# [WHAT NEEDS TO BE DONE]
Transcribe each record exactly. Omit the pictures.

# [DATASET RECORDS]
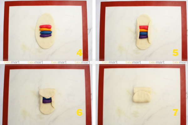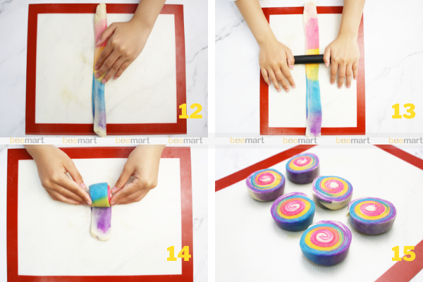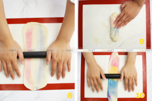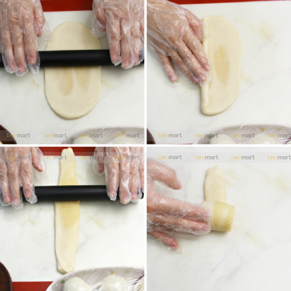 Cuộn bột lại và cán mỏng thêm 1 lần nữa. Thao tác các bước như hình.
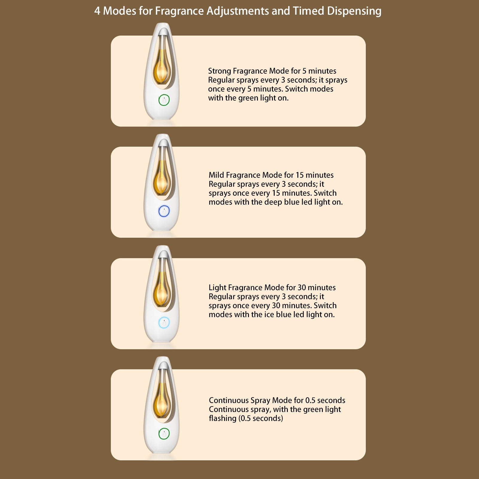 2. 4 Налаштований запах: у вас є можливість пахнути дифузором з чотирма рівнями контролю. Незалежно від того, ви любите тонкий запах чи сильний вибух улюбленого аромату, цей пристрій дає вам можливість адаптувати запах до ваших уподобань.
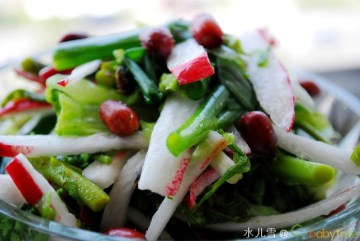 刺嫩芽先开水焯好,水萝卜切条,葱切段,
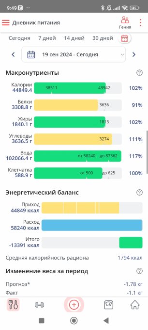 бжу, готова к этому. Плюс подключаю тренировки. Мой организм
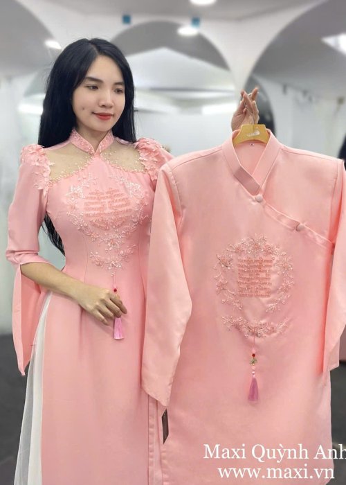 Ngọt ngào như ánh hoàng hôn cuối ngày, cặp áo dài cưới màu hồng mang theo hơi thở nhẹ nhàng, tinh tế của tình yêu đôi lứa. Áo dài cô dâu được thiết kế cách điệu với phần tay xẻ và khoét vai mềm mại, tôn lên nét nữ tính, duyên dáng nhưng vẫn giữ được sự kín đáo cần có trong nghi lễ truyền thống. Chất liệu lụa cao cấp mịn màng ôm lấy vóc dáng, kết hợp cùng sắc hồng pastel dịu nhẹ, khiến nàng dâu trở nên vừa mong manh vừa đầy khí chất.”
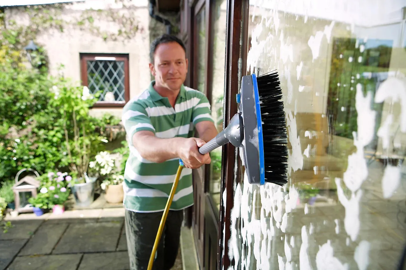 This high-quality cleaning brush features soft bristles that are tough on dirt but gentle on paintwork, windows, and trims. The brush head includes a built-in flow control for regulating water, giving you maximum control during cleaning.
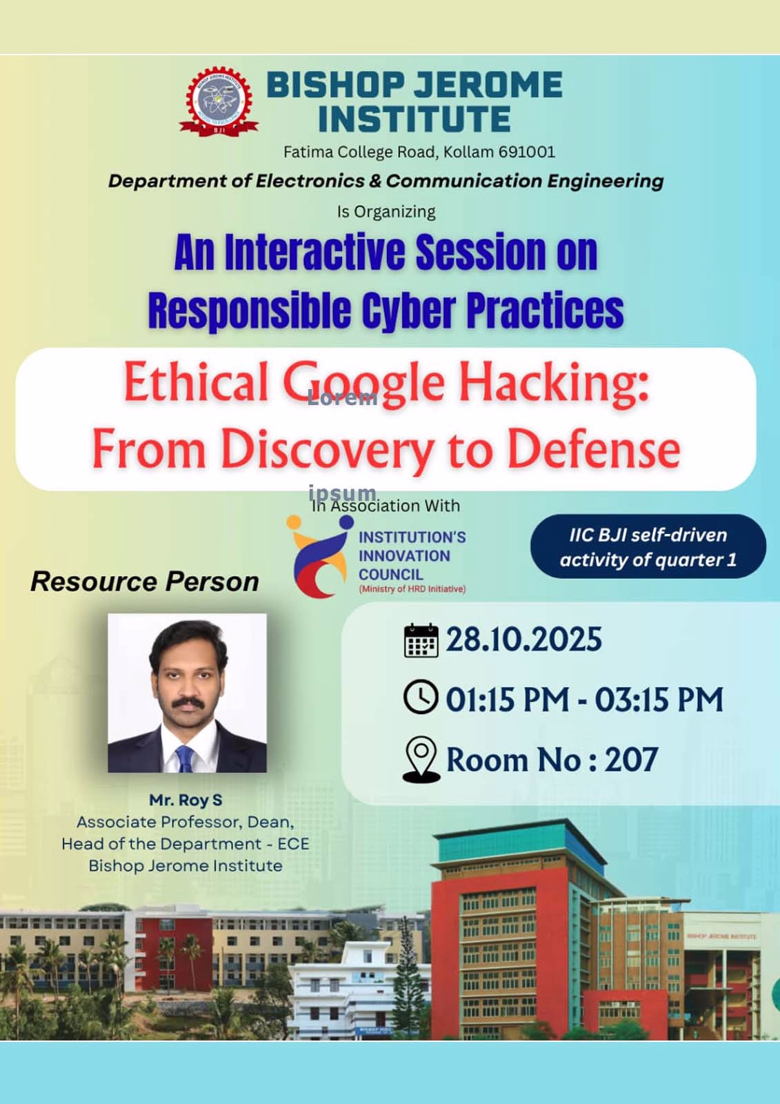 As part of National Cyber Security Awareness Month (NCSAM) 2025 – “Cyber Jagrit Bharat” (#CyberJagritBharat), a technical session on “Google Dorking” will be held for faculty in association with IIC–BJI as a self-driven activity.
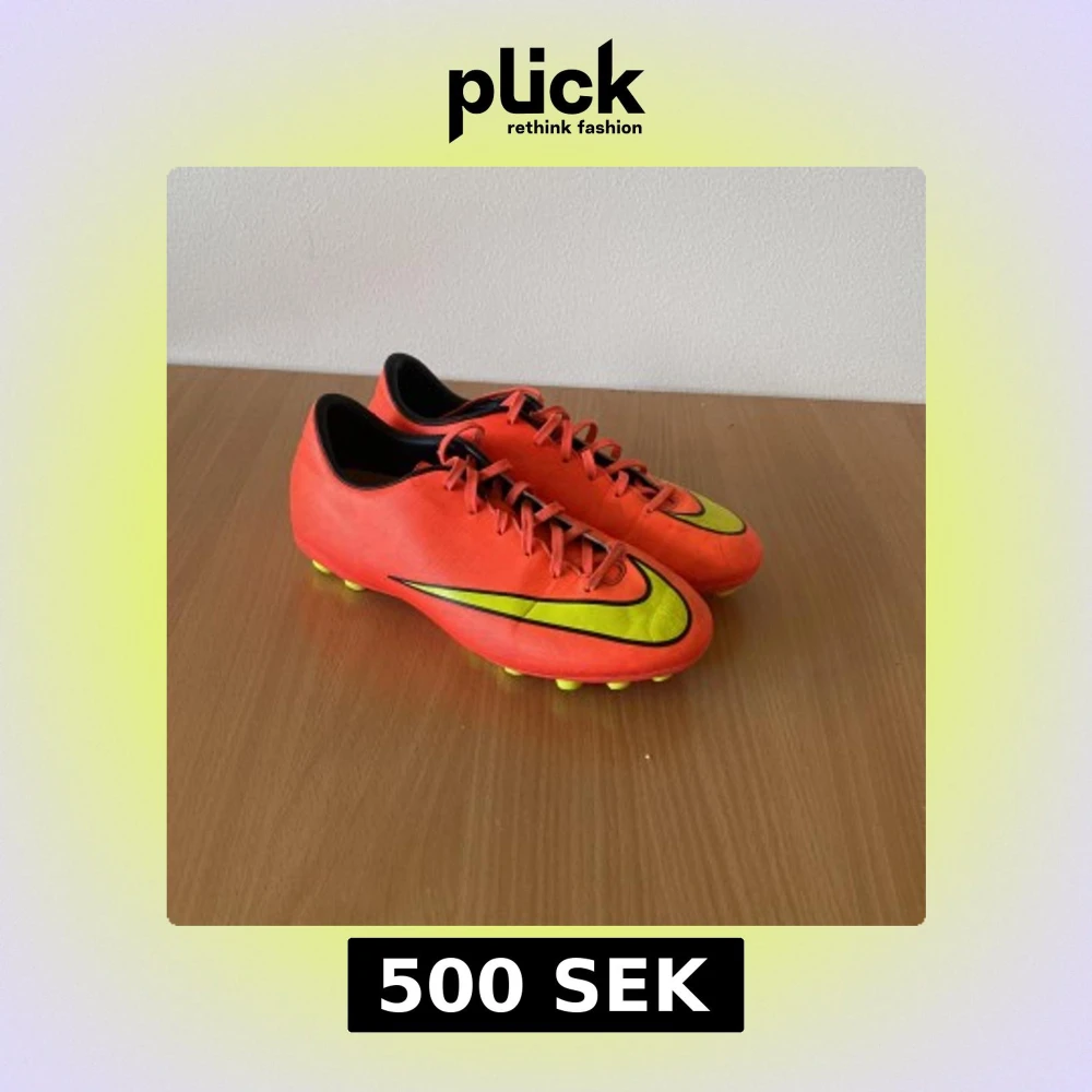 Säljer ett par Nike Mercurial fotbollsskor i en riktigt snygg orange färg med gula och svarta detaljer. Skorna har snörning och platt sula med gula dobbar för gräsplan. Ovandelen är i syntetmaterial och har en smal, sportig form. Perfekt för dig som vill sticka ut på planen. Änvända i cirka 1 år pris kan diskuteras
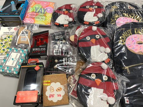 This lot contains a mix of General Merchandise like Shoulder Bags, Backpacks, Journals, Jewellery, Earbuds, Batteries, and More from Ridleys Games, Celebrate Shop, Sharper Image, Bow Drape, Betsey Johnson, and More. These are brand new shelf pulls from a famous dept store and ready for retail.
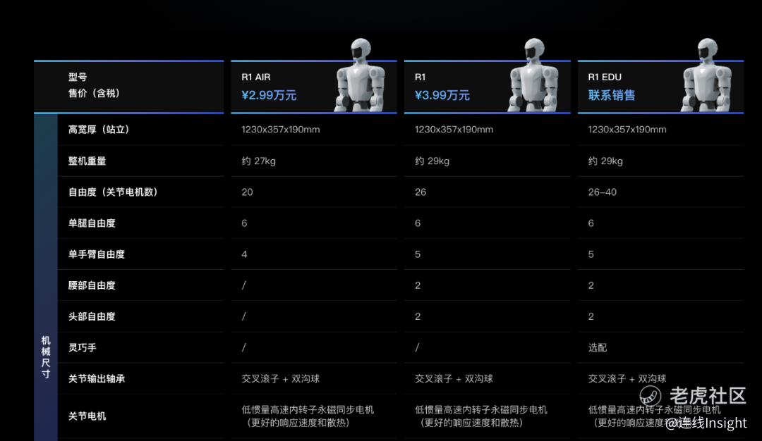 宇树科技R1不同版价格及配置,图源宇树科技官网
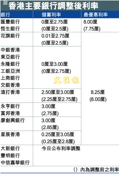 香港主要銀行調整後利率 (圖)

# [ANSWER TO THE EXERCISE]
 Cuộn bột lại và cán mỏng thêm 1 lần nữa. Thao tác các bước như hình.
 2. 4 Налаштований запах: у вас є можливість пахнути дифузором з чотирма рівнями контролю. Незалежно від того, ви любите тонкий запах чи сильний вибух улюбленого аромату, цей пристрій дає вам можливість адаптувати запах до ваших уподобань.
 刺嫩芽先开水焯好,水萝卜切条,葱切段,
 бжу, готова к этому. Плюс подключаю тренировки. Мой организм
 Ngọt ngào như ánh hoàng hôn cuối ngày, cặp áo dài cưới màu hồng mang theo hơi thở nhẹ nhàng, tinh tế của tình yêu đôi lứa. Áo dài cô dâu được thiết kế cách điệu với phần tay xẻ và khoét vai mềm mại, tôn lên nét nữ tính, duyên dáng nhưng vẫn giữ được sự kín đáo cần có trong nghi lễ truyền thống. Chất liệu lụa cao cấp mịn màng ôm lấy vóc dáng, kết hợp cùng sắc hồng pastel dịu nhẹ, khiến nàng dâu trở nên vừa mong manh vừa đầy khí chất.”
 This high-quality cleaning brush features soft bristles that are tough on dirt but gentle on paintwork, windows, and trims. The brush head includes a built-in flow control for regulating water, giving you maximum control during cleaning.
 As part of National Cyber Security Awareness Month (NCSAM) 2025 – “Cyber Jagrit Bharat” (#CyberJagritBharat), a technical session on “Google Dorking” will be held for faculty in association with IIC–BJI as a self-driven activity.
 Säljer ett par Nike Mercurial fotbollsskor i en riktigt snygg orange färg med gula och svarta detaljer. Skorna har snörning och platt sula med gula dobbar för gräsplan. Ovandelen är i syntetmaterial och har en smal, sportig form. Perfekt för dig som vill sticka ut på planen. Änvända i cirka 1 år pris kan diskuteras
 This lot contains a mix of General Merchandise like Shoulder Bags, Backpacks, Journals, Jewellery, Earbuds, Batteries, and More from Ridleys Games, Celebrate Shop, Sharper Image, Bow Drape, Betsey Johnson, and More. These are brand new shelf pulls from a famous dept store and ready for retail.
 宇树科技R1不同版价格及配置,图源宇树科技官网
 香港主要銀行調整後利率 (圖)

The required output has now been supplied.